Discussion
In this study, 10 differentially expressed genes related to skin feeding
of discus fish were selected, among which MRC, ITGA11 and PTPRJ were
up-regulated in P_S period, JUNB, DPP3, CASP3, PPID, ALOXE3, HBE and
GALE were down-regulated in P_S period. 9 differentially expressed
genes were selected in brain of discus fish, among which EDNRB, LAPTM,
FOXB, OTX2, NRIF2 and SOX1 were up-regulated in P_B period, HBE, PRKCD
and H1-5 were down-regulated in P_B period.
One of arachidonic acid, the precursor of eicosanoids as paracrine
hormones involving in various processes important in human health or
disease, includes prostaglandins (PGs), leukotrienes and thrombox-anes.
Arachidonic acid were the enriched fatty acid metabolisms (P. Krieg et
al., 2002; Yoo et al., 2018). Arachidonate lipoxygenase3 (ALOXE3) gene
is a member of the lipoxygenase family, which are catabolized by
arachidonic acid-derived compounds and they are members of the epidermal
subfamily of mammalian LOX with preferential expression in the skin and
several other epithelial tissue (Peter Krieg et al., 2013). In this
study, it was found that the expression of discus fish skin was
different in NP_S and P_S periods, and decreased in P_S periods
compared with NP_S periods. It encoded enzyme is a hydroperoxide
isomerase that synthesizes a unique type of epoxy alcohol
(8R-hydroxy-11R, 12R-epoxyeicosa-5Z, 9E, 14Z-trienoicacid) from
12R-hydroperoxyeicosatetraenoic acid (12R-HPETE). This epoxy alcohol can
activate the nuclear receptor peroxisome proliferator-activated receptor
alpha (PPARalpha), which is implicated in epidermal differentiation1
(Arias-Andres, Kettner, Miki, & Grossart, 2018; Yoo et al., 2018). Have
study reported demonstrate the epidermal-type lipoxygenase. Aloxe3 is a
potentially novel effector of the therapeutic fasting response (Sala et
al., 2018). The discus fish will damage the skin tissue of the parents
when pecking, and the content of Aloxe3 is reduced during the feeding
period, which is consistent with Aloxe3 leads to a large amount of skin
permeability and water loss leading to death after birth (Fournier et
al., 2019).
PTPRJ a receptor-like protein tyrosine phosphatase (PTP) is expressed in
several cell types. It is initially identified as a negative regulator
of cell proliferation, and consistent with its increased expression in
confluent epithelial and endothelial cells (Spring et al., 2012).
Meanwhile, it has been suggested to contribute to cell-cell contact
inhibition (Fournier, Dussault, Fusco, Rivard, & Royal, 2016).
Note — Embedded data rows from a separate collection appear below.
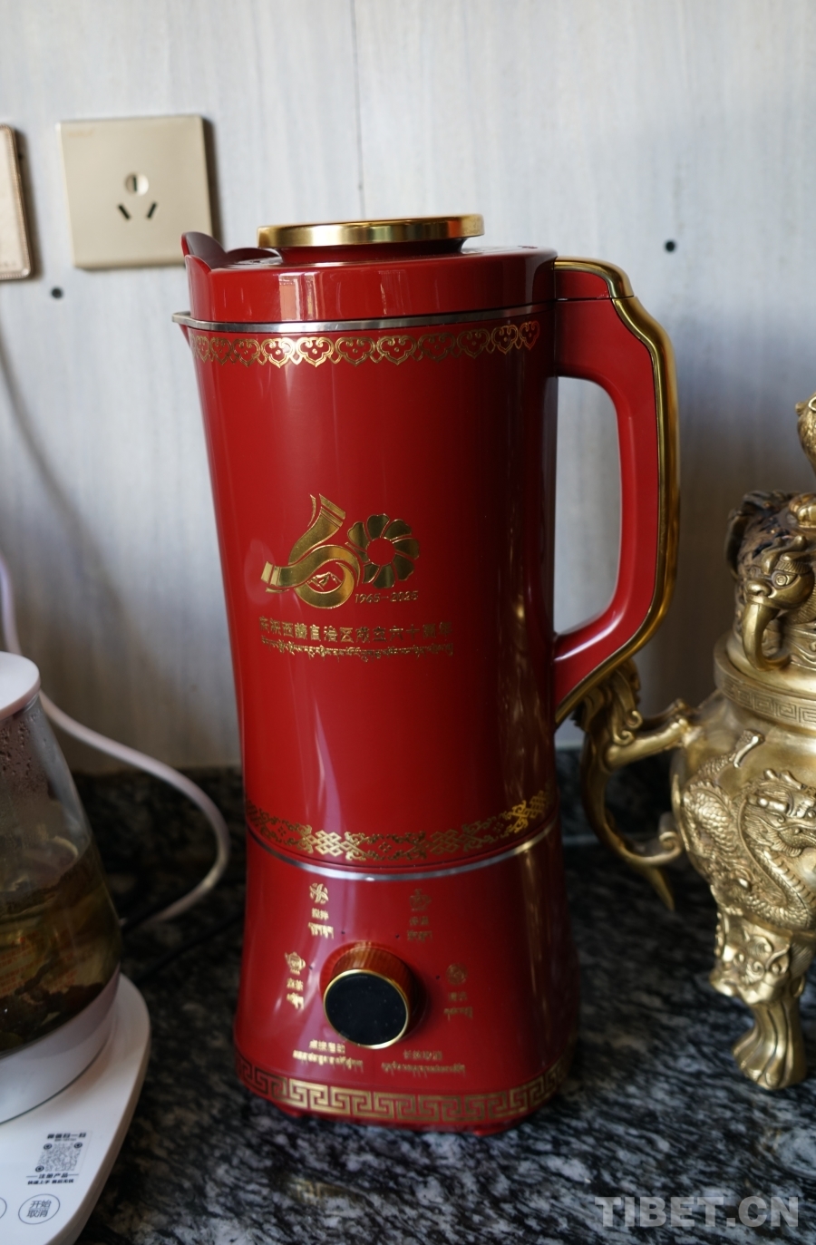 走進(jìn)客廳,茶幾上擺放著一臺紅色嶄新的全自動酥油茶壺,機身上鐫刻著“慶祝西藏自治區(qū)成立60周年”的字樣。另一旁的展柜上,一套鎏金茶碗嶄新如初,仿佛能映出人影——那是2015年中央代表團贈送的西藏自治區(qū)成立50周年禮物。這些細(xì)節(jié),無不透露出主人對它的珍視。
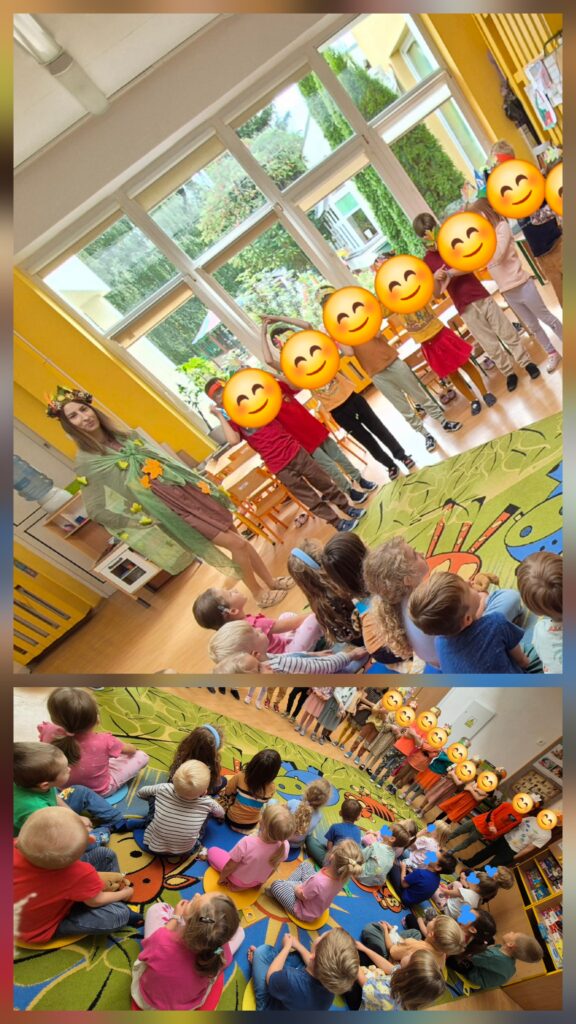 W pierwszy dzień kalendarzowej jesieni odwiedzili nas niezwykli goście – Pani Jesień razem ze swoimi pomocnikami. Pani Jesień opowiedziała nam o swojej „pracy” i zmianach w przyrodzie podczas jej pory roku, a towarzyszące jej dzieci zaśpiewały piosenkę o odpowiednim ubieraniu się podczas jesiennej aury. W podziękowaniu Kotki wręczyły gościni własnoręcznie stworzone „Portrety Pani Jesieni”.
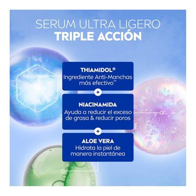 Atributos: Piel luminosa Disminuye la apariencia de los poros y suaviza la piel Hidratación profunda y sensación de frescura al instante Dermatológicamente comprobado Unifica el tono de la piel en 3 días Ayuda a reducir manchas en 2 semanas Ideal para agregarlo a tu rutina de skincare
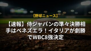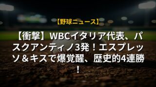 ワールド・ベースボール・クラシック(WBC)のイタリア対アメリカ戦での怪我であり、国際大会中の選手のコンディション管理の難しさを示唆している。
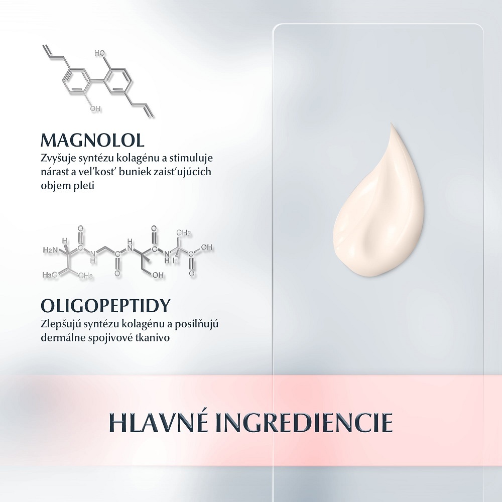 Hydratačný krém proti starnutiu pleti s magnololom, oligopeptidmi a kyselinou hyalurónovou. Vypĺňa hlboké vrásky a spevňuje kontúry tváre na dosiahnutie liftingového účinku

Many of
its identified substrates are growth factor receptors, including VEGFR2,
as well as ERK1/2 and cell adhesion proteins (Spring et al., 2012).
PTPRJ dephosphorylates several
growth factors and their receptors, negatively regulating cell
proliferation and migration (Chabot, Spring, Gratton, Elchebly, &
Royal, 2009). PTPRJ acts as an important regulator of Notch signaling
and endothelial sprouting during retinal vascular development.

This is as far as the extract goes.